Опять заерзали стулья. Уныние коммерсантов сразу ослабло. -Они почему-то полагали, что будет предложено за рубль не более гривенника. Но для видимости, чтоб пустить пыль в глаза, они громко запротестовали:

— Нет, это невозможно… Это возмутительно… Это ни на что не похоже. Мы согласны, виноват, я, например, согласен сбросить с рубля четвертак. Это еще куда ни шло. Но чтоб получить вместо рубля четвертак? Нет, нет… Протест векселей, суд, опись и торги…

— Ах, милые, — сморкаясь и моргая запотевшими глазками, запел Иннокентий Филатыч.

— Легко сказать — торги. Кто в этакую глушь из сих прекрасных мест поедет? Мечтание одно.

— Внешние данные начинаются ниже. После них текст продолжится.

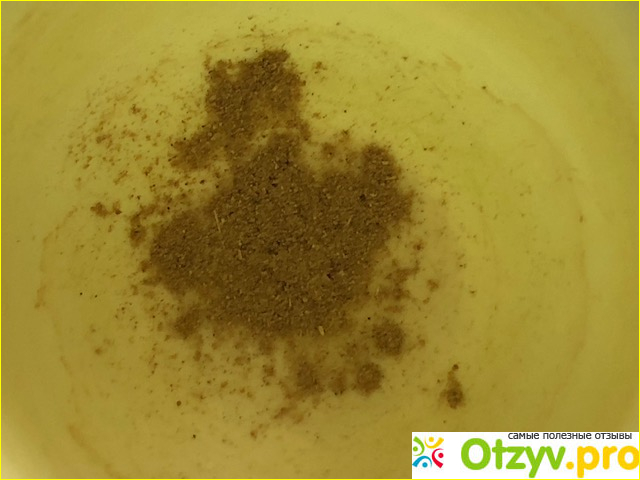 Это порошок коричневато-зеленоватого цвета, представляющий из себя не очень мелко размолотые высушенные травы.

Тут неповоротливо выпростался из-за стола крупный, как лось, старозаветный купец Семен Парфеныч Сахаров: седая бородища во всю грудь, сапоги бутылками. В этот год в России был голод, и Купец Сахаров нес огромные убытки от трех остановившихся его мукомольных механических мельниц. Сахаров сильно удручен, расстроен. Он сжал мясистый кулак и завопил:

— Жулики вы с Громовым! Вы только тень на воду наводите! Мерзавцы вы! В каторгу вас, подлецов.

— Семен Парфеныч! Так нельзя. —.. — бросив рисовать голую женщину, тенорком закричал на него председатель. Остальные ухмыльнулись. — Здесь нет подлецов и нет мерзавцев… Сядьте… — И председатель закашлялся.

— Я прошу слово, — взволнованно встал Парчевский. Его глаза вспыхнули хитрым умом лисы, которой надлежит сделать ловкий прыжок, чтоб завладеть лакомым куском.

— Господа! Знаете ли вы, что такое Прохор Громов? — с патетическими жестами, как Иктер на сцене, начал он. — Прохор Громов — гениальнейший практический деятель.

Его энергии, его уму, его несокрушимой воле можно только удивляться. Если вы его поддержите в столь трудную минуту, вы получите все и будете работать с ним бесконечно долгое число лет, извлекая от содружества обоюдную пользу. Ежели его свалите, все потеряете. Что же вам, господа, выгоднее? Угробить крупного предпринимателя, погубить колоссальное дело, которым может гордиться Россия, или окрылить этого гения, чтоб он вновь взлетел и создал на пепелище невиданной силы и размаха промышленность? Ответ может быть один. Даже в сумасшедшем доме, среди слабоумных и помешанных, не может быть иного ответа, как только — да, согласны!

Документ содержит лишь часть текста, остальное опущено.